The yield gap strategy on Canadian stocks delivered positive alpha over 25 years, and an unusual property: when US markets fell, this portfolio barely moved. The down-capture ratio of 3.52% against SPY is the lowest in our 20-market study. Not defensive in the sense of holding cash, but defensive in the sense that the positions themselves held up.

Growth of $10,000: Yield Gap Canada vs S&P 500 (2000-2025)
Growth of $10,000: Yield Gap Canada vs S&P 500 (2000-2025)

A $10,000 investment in January 2000 grew to $99,539. The same investment in SPY grew to $63,066.


The Strategy

The effective earnings yield threshold for Canada is 6% (the 6% absolute floor, since Canada's risk-free rate of roughly 2% plus 3% spread equals 5%, and we use the 6% floor as the binding constraint).

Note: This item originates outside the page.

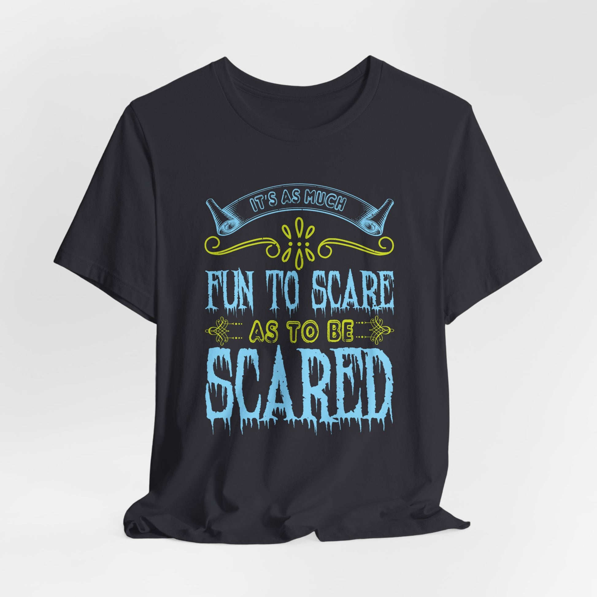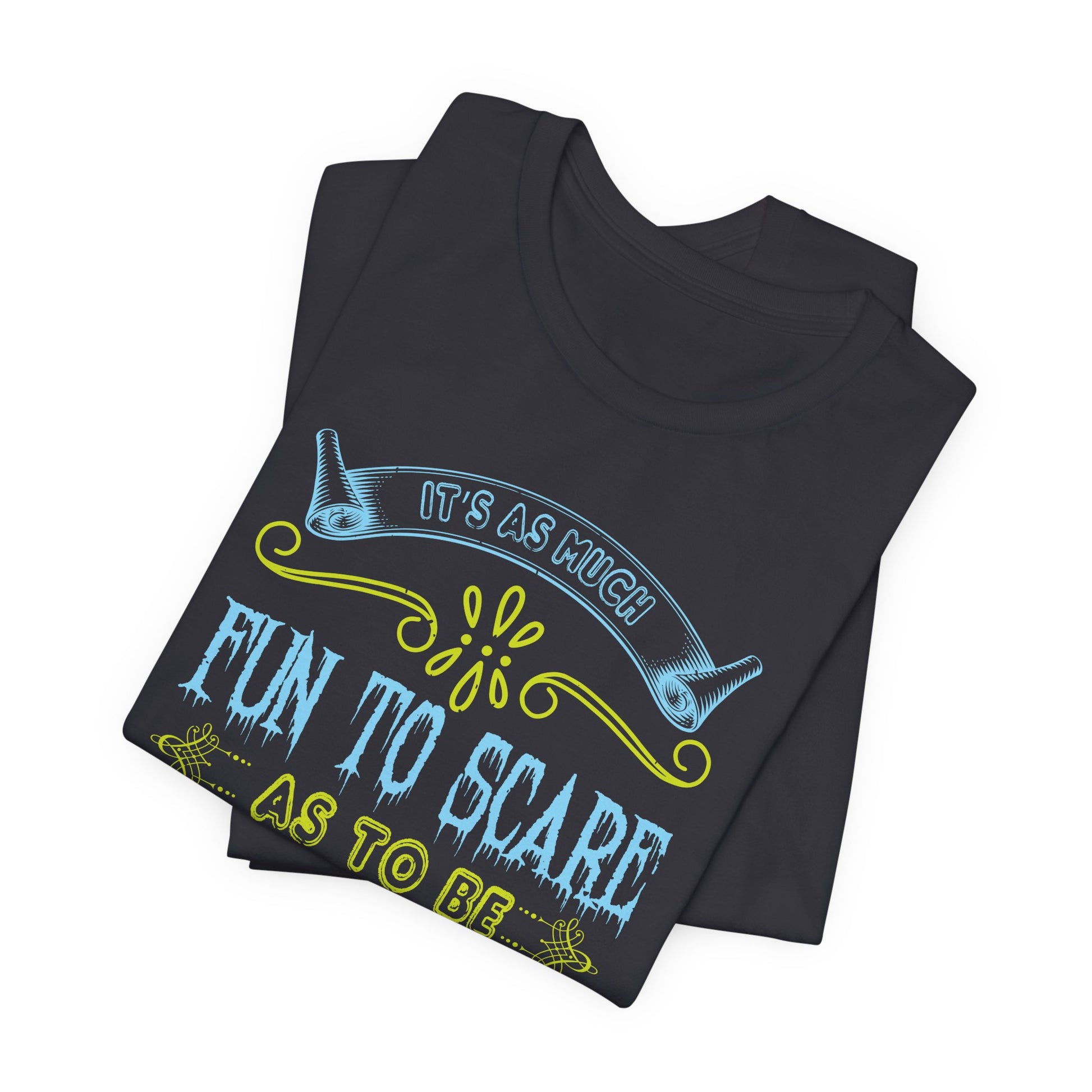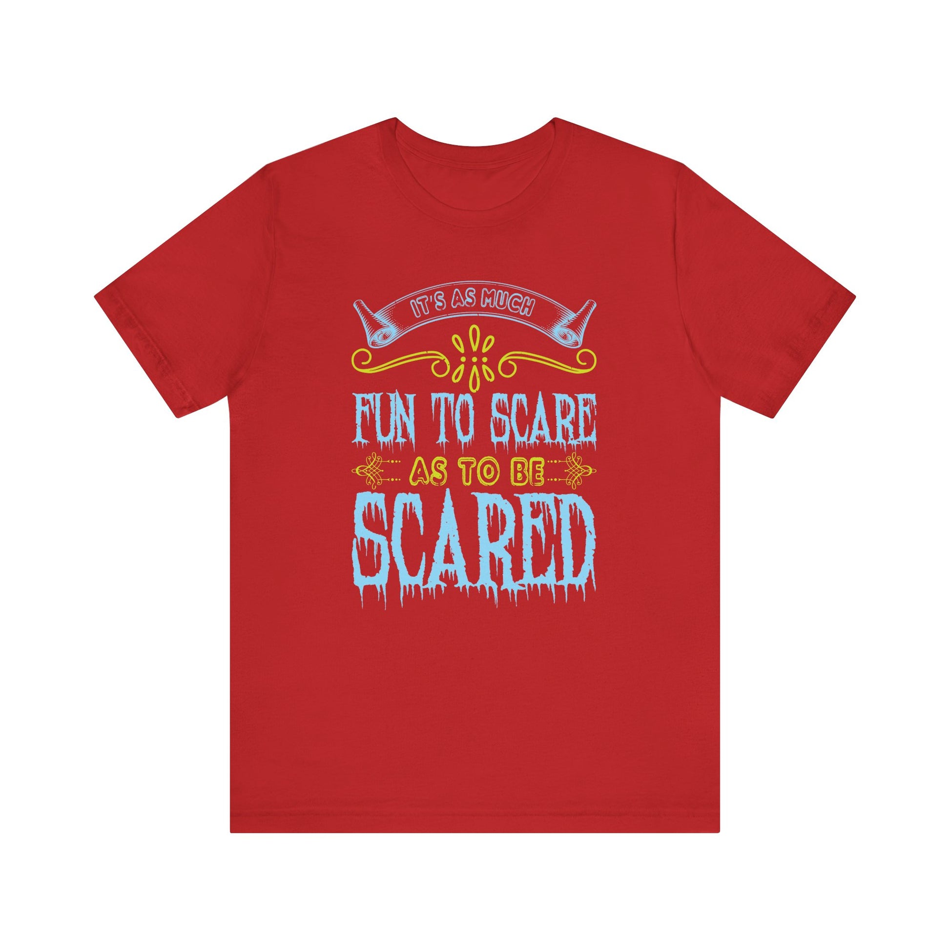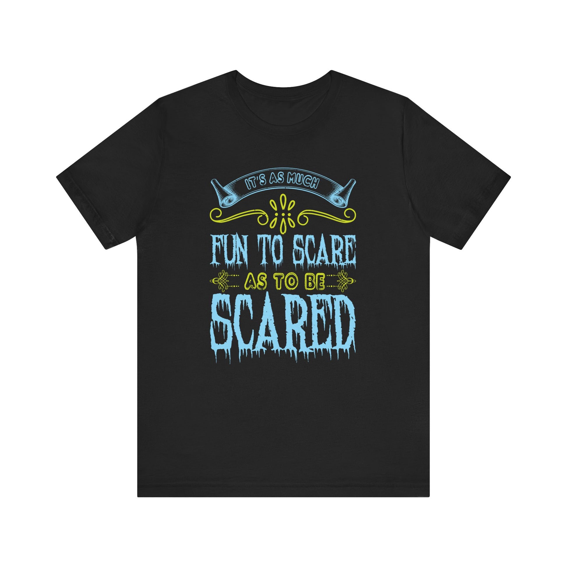 Dive into the thrills of Halloween with the "It Is As Much Fun to Scare as to Be Scared" Unisex Jersey Short Sleeve Tee! Perfect for those who love the excitement of both giving and receiving a fright, this tee is your go-to for a spooky good time.

Signal: - Earnings yield > 6% (PE < ~16.7x) - Earnings yield < 50% - ROE > 8% - D/E < 2.0

Portfolio construction: Top 30 by highest earnings yield, equal weight, annual January rebalance. Cash if fewer than 10 stocks qualify.


Methodology

  • Universe: Toronto Stock Exchange (TSX)
  • Market cap filter: CAD 1B+ at each rebalance date
  • Data period: January 2000 through December 2025 (25 annual periods, 0 cash years)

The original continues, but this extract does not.